**TASK STATEMENT:** In the entries that follow, find the line containing "Our whitening strips" and the line containing "為打造黃偉哲市長「希望家園」", then copy exactly everything from the first through the second except the pictures.

**EXERCISE INPUT:**
+ + + + +
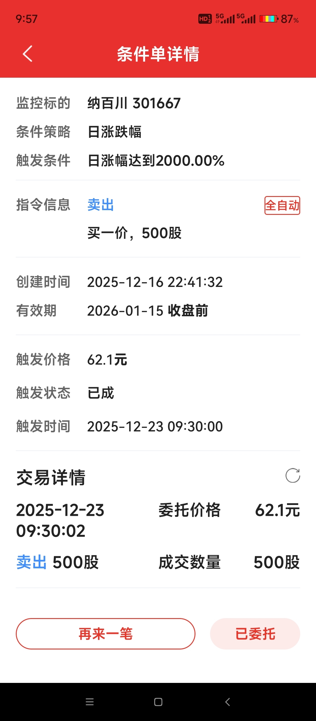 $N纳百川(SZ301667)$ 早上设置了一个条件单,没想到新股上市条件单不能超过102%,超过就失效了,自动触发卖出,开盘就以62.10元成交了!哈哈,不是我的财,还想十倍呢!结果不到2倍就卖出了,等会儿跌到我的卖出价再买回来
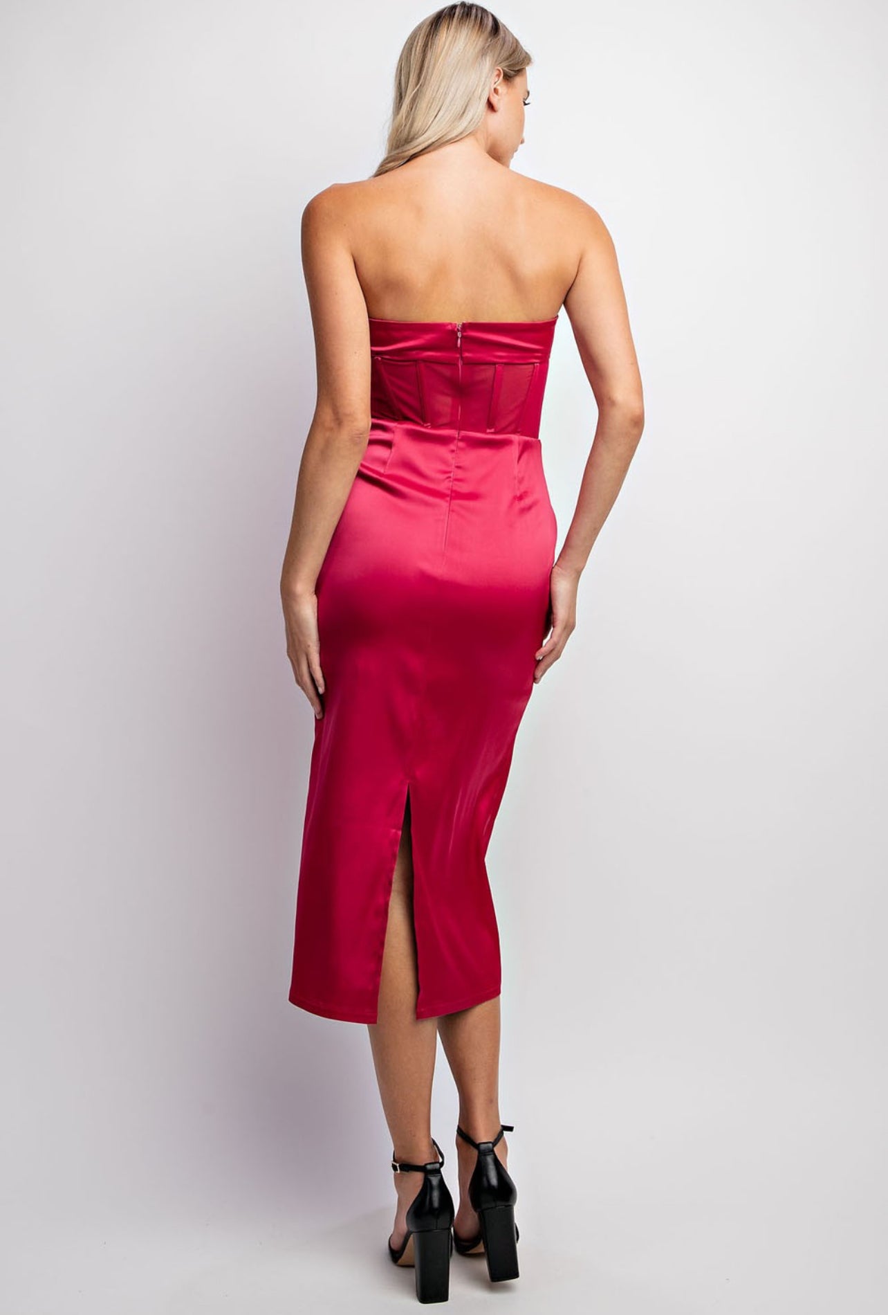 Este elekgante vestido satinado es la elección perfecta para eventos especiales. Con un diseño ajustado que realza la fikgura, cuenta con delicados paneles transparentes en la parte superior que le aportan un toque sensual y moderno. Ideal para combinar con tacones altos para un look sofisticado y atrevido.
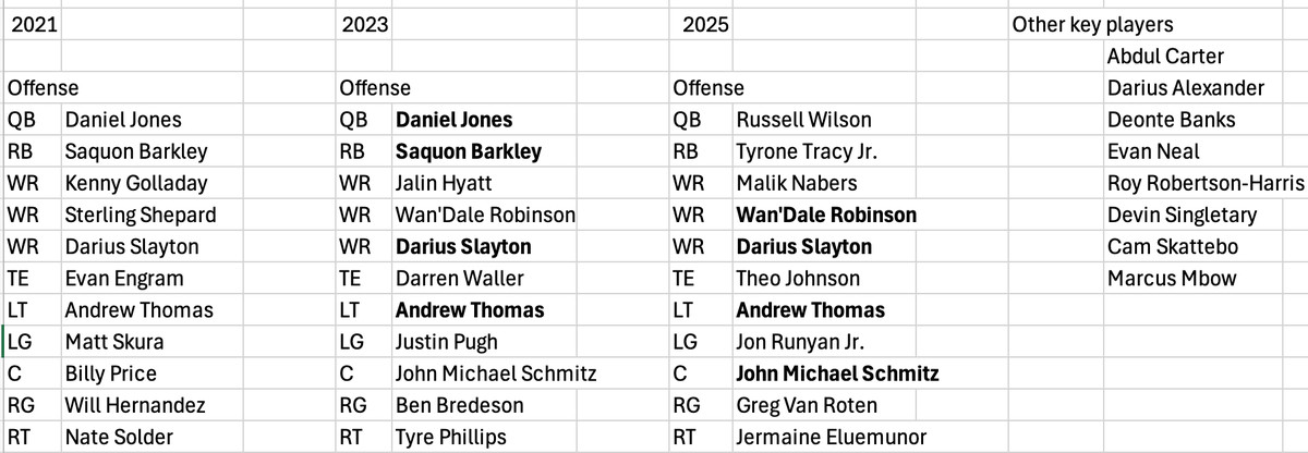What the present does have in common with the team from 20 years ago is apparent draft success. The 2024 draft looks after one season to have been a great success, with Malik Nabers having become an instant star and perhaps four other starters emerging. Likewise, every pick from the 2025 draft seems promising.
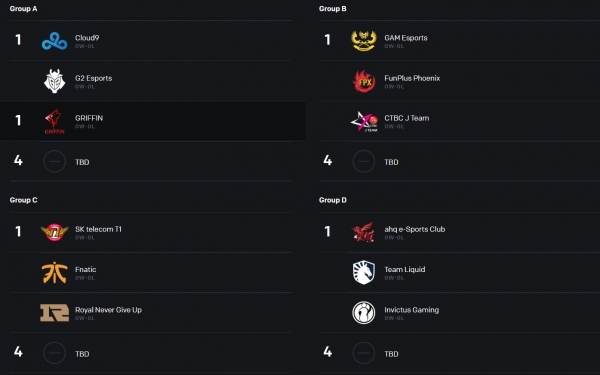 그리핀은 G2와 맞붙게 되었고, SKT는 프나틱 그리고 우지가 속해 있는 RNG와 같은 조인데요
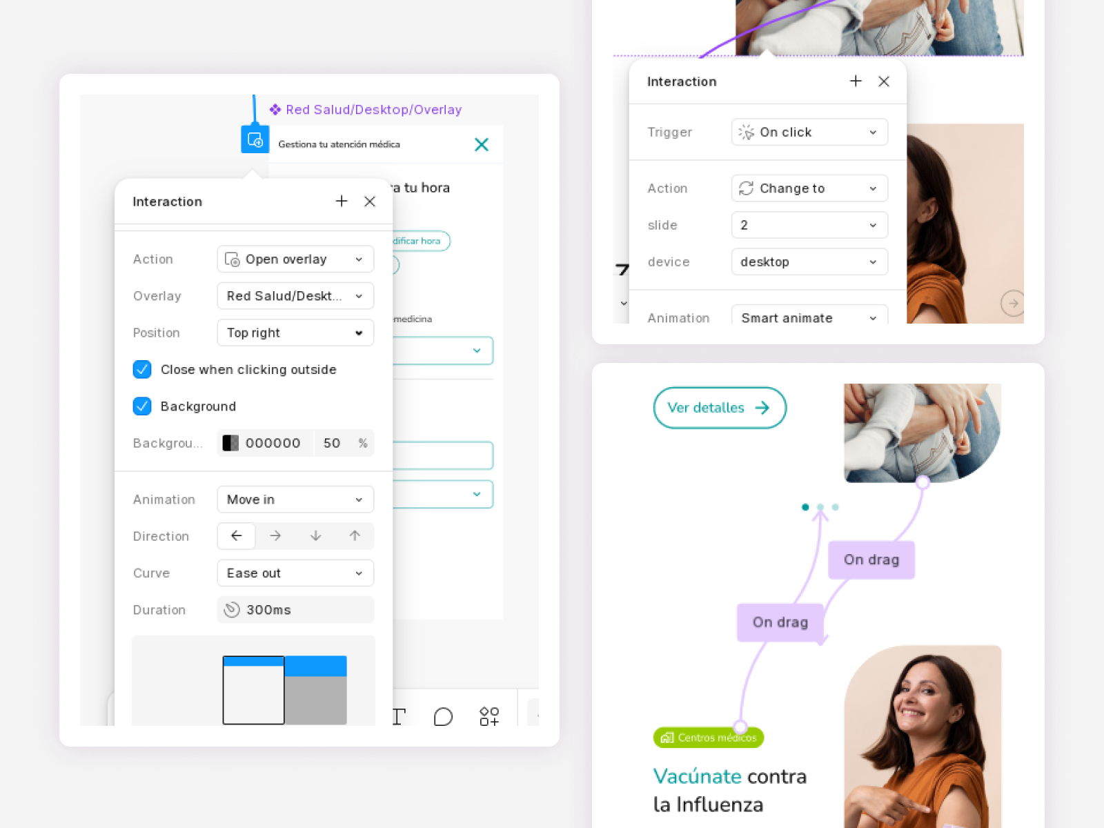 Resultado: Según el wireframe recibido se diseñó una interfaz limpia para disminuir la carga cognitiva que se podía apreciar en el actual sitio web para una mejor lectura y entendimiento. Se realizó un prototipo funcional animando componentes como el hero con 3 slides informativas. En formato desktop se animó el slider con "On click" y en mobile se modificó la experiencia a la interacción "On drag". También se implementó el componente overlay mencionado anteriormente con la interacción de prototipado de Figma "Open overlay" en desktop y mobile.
+ + + + +
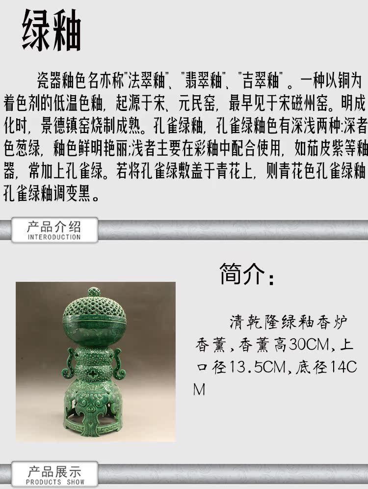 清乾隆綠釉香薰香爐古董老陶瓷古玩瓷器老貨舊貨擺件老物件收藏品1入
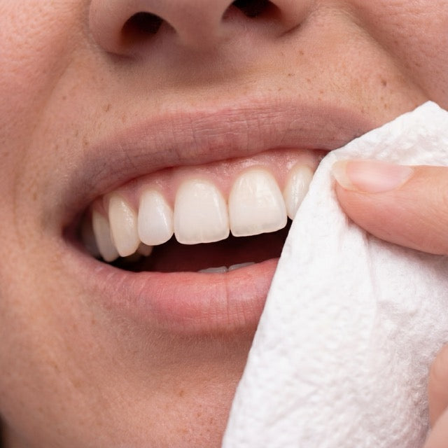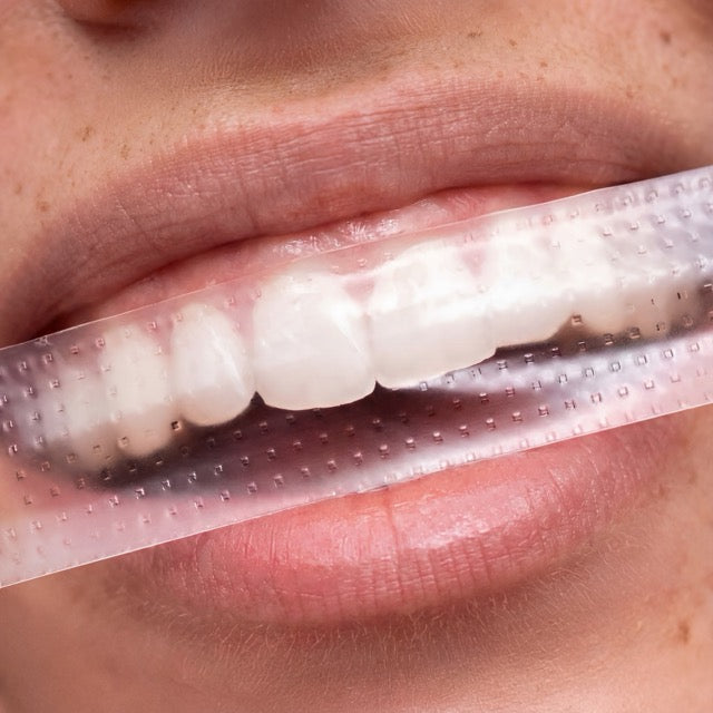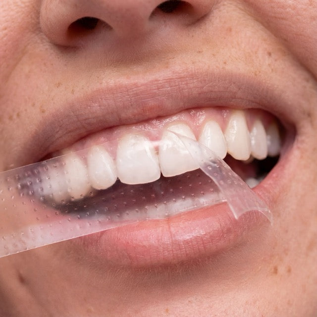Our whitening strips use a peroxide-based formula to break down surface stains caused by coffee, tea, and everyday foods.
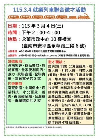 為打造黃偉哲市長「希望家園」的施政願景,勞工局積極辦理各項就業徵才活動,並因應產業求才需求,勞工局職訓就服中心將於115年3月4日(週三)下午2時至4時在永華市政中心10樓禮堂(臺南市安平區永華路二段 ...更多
+ + + + +
**RESULT BELOW:**
Our whitening strips use a peroxide-based formula to break down surface stains caused by coffee, tea, and everyday foods.
 為打造黃偉哲市長「希望家園」的施政願景,勞工局積極辦理各項就業徵才活動,並因應產業求才需求,勞工局職訓就服中心將於115年3月4日(週三)下午2時至4時在永華市政中心10樓禮堂(臺南市安平區永華路二段 ...更多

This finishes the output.